What the exercise asks: Please set down only the lines running from the one with "ABAKUHAUS Girasole Tovaglia, Helianthus" through the last line of the entries, exactly as written and without any pictures.

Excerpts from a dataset
= Beginning of Section =

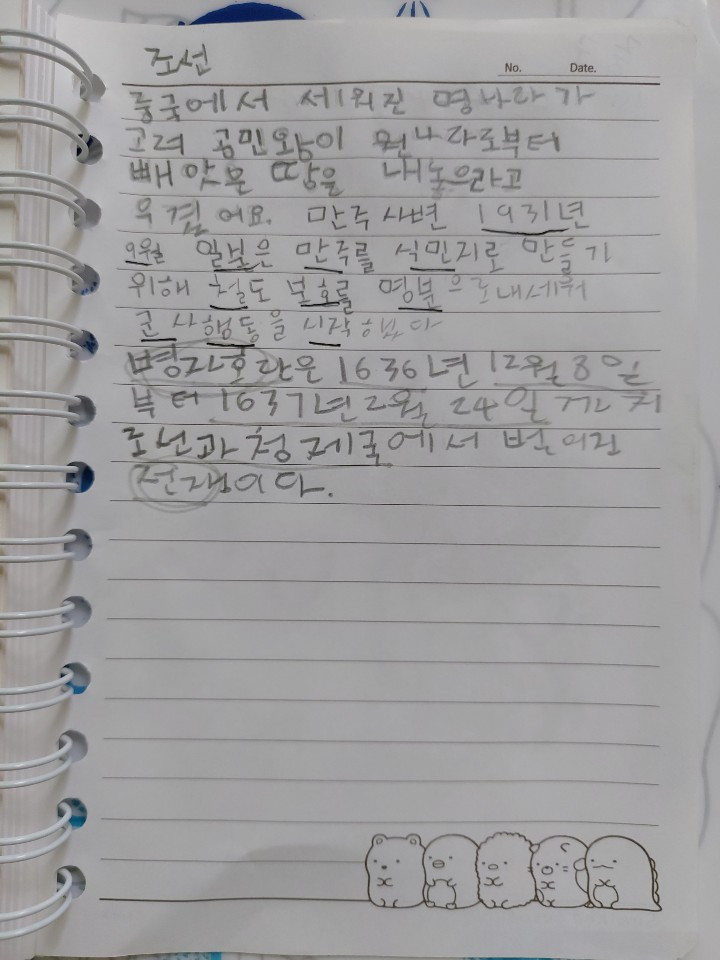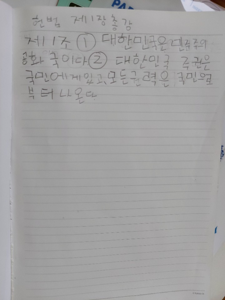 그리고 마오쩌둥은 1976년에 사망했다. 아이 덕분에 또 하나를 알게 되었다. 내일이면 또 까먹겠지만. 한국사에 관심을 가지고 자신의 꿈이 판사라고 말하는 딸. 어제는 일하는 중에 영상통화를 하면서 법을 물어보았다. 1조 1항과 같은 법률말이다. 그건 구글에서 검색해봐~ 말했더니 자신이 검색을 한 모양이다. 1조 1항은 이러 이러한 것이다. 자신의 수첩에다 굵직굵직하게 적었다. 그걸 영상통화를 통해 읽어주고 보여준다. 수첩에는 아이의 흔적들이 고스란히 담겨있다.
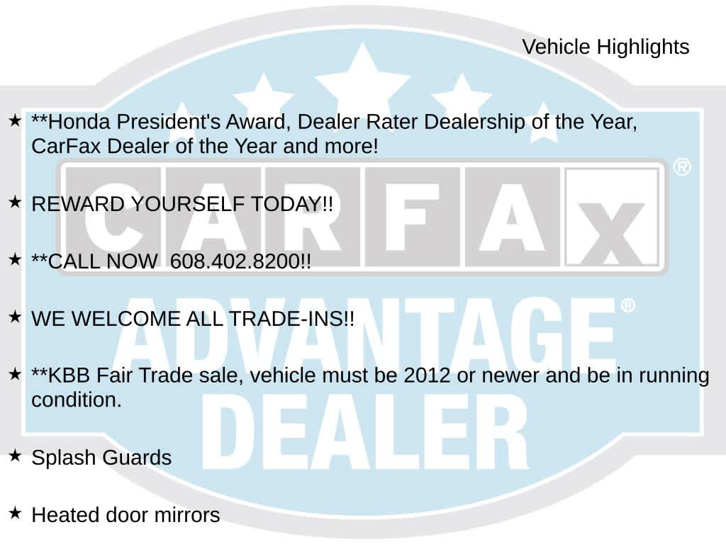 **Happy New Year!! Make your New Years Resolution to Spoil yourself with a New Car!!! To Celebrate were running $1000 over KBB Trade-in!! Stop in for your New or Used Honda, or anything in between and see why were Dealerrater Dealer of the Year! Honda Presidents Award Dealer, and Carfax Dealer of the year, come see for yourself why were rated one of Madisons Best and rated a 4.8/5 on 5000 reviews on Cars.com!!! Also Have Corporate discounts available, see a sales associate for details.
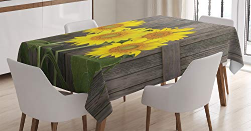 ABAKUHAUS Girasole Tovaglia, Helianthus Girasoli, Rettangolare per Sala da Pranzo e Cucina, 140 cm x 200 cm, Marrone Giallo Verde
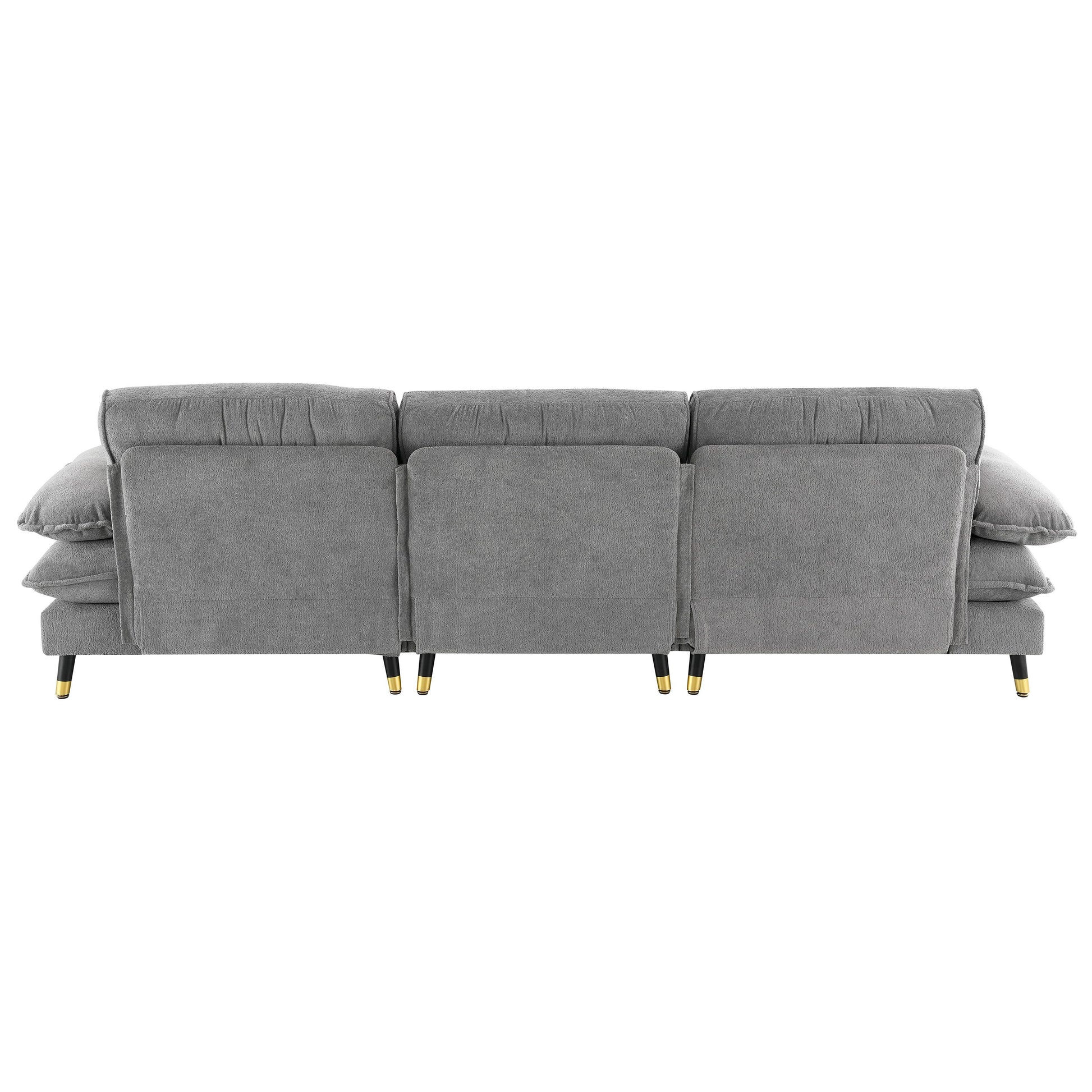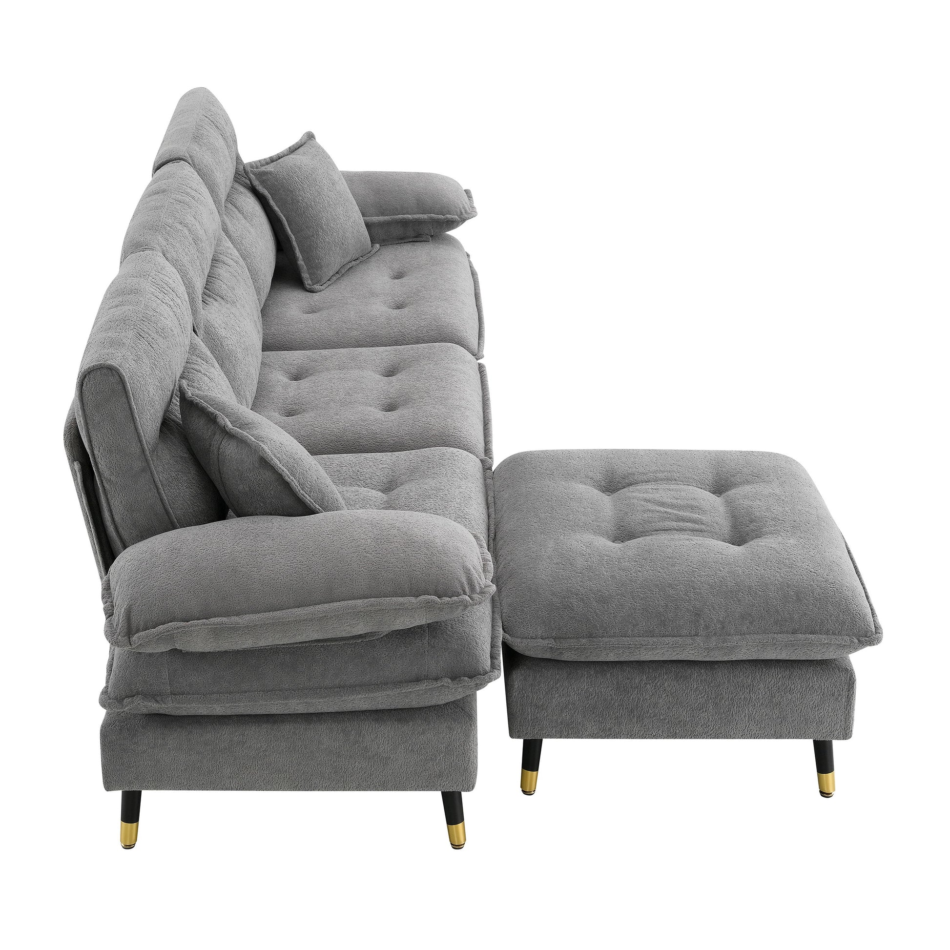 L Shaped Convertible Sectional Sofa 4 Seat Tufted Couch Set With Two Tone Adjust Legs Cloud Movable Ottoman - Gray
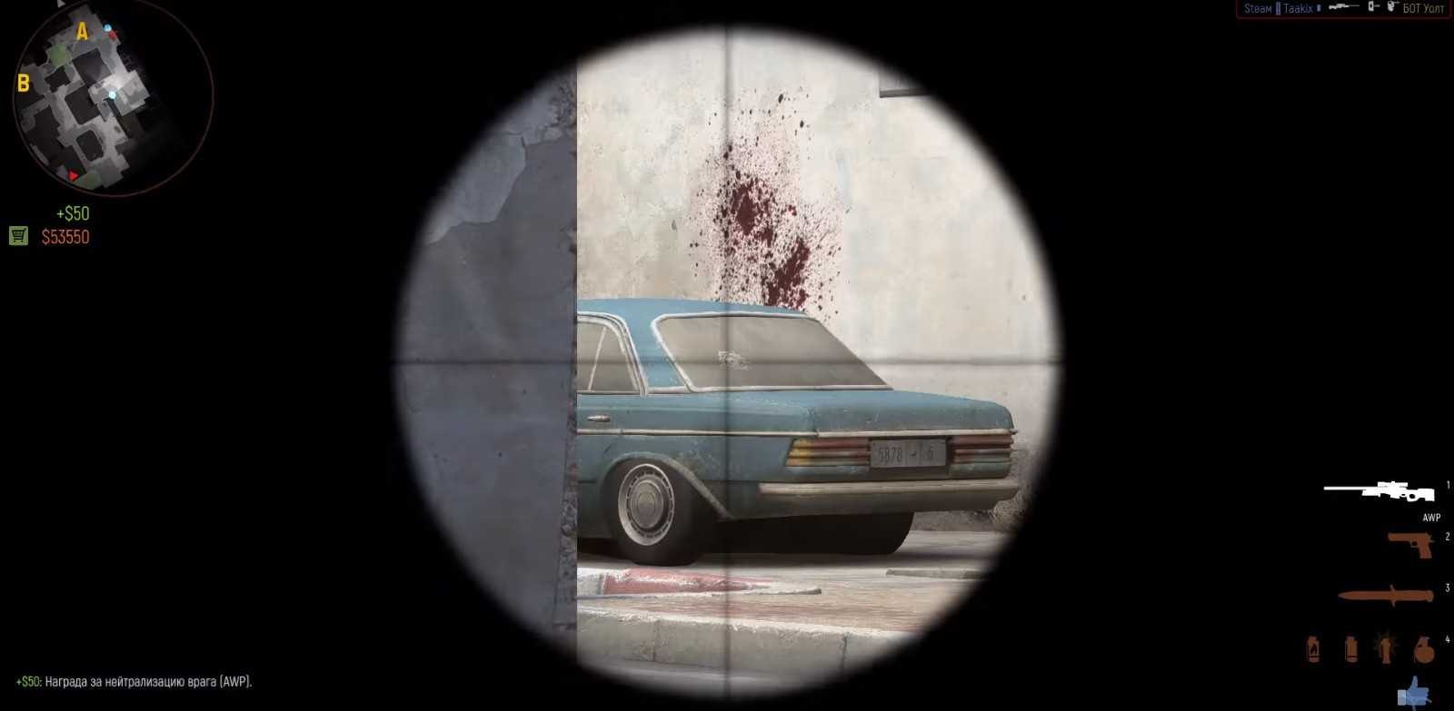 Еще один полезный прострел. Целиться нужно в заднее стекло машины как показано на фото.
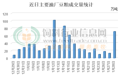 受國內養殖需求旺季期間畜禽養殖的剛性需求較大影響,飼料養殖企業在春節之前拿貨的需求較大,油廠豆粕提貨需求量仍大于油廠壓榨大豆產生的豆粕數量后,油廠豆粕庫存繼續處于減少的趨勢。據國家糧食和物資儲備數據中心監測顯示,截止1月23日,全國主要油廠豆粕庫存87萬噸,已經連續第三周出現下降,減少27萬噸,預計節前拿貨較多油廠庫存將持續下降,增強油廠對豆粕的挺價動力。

= End of Section =

Exercise answer:
 ABAKUHAUS Girasole Tovaglia, Helianthus Girasoli, Rettangolare per Sala da Pranzo e Cucina, 140 cm x 200 cm, Marrone Giallo Verde
 L Shaped Convertible Sectional Sofa 4 Seat Tufted Couch Set With Two Tone Adjust Legs Cloud Movable Ottoman - Gray
 Еще один полезный прострел. Целиться нужно в заднее стекло машины как показано на фото.
 受國內養殖需求旺季期間畜禽養殖的剛性需求較大影響,飼料養殖企業在春節之前拿貨的需求較大,油廠豆粕提貨需求量仍大于油廠壓榨大豆產生的豆粕數量后,油廠豆粕庫存繼續處于減少的趨勢。據國家糧食和物資儲備數據中心監測顯示,截止1月23日,全國主要油廠豆粕庫存87萬噸,已經連續第三周出現下降,減少27萬噸,預計節前拿貨較多油廠庫存將持續下降,增強油廠對豆粕的挺價動力。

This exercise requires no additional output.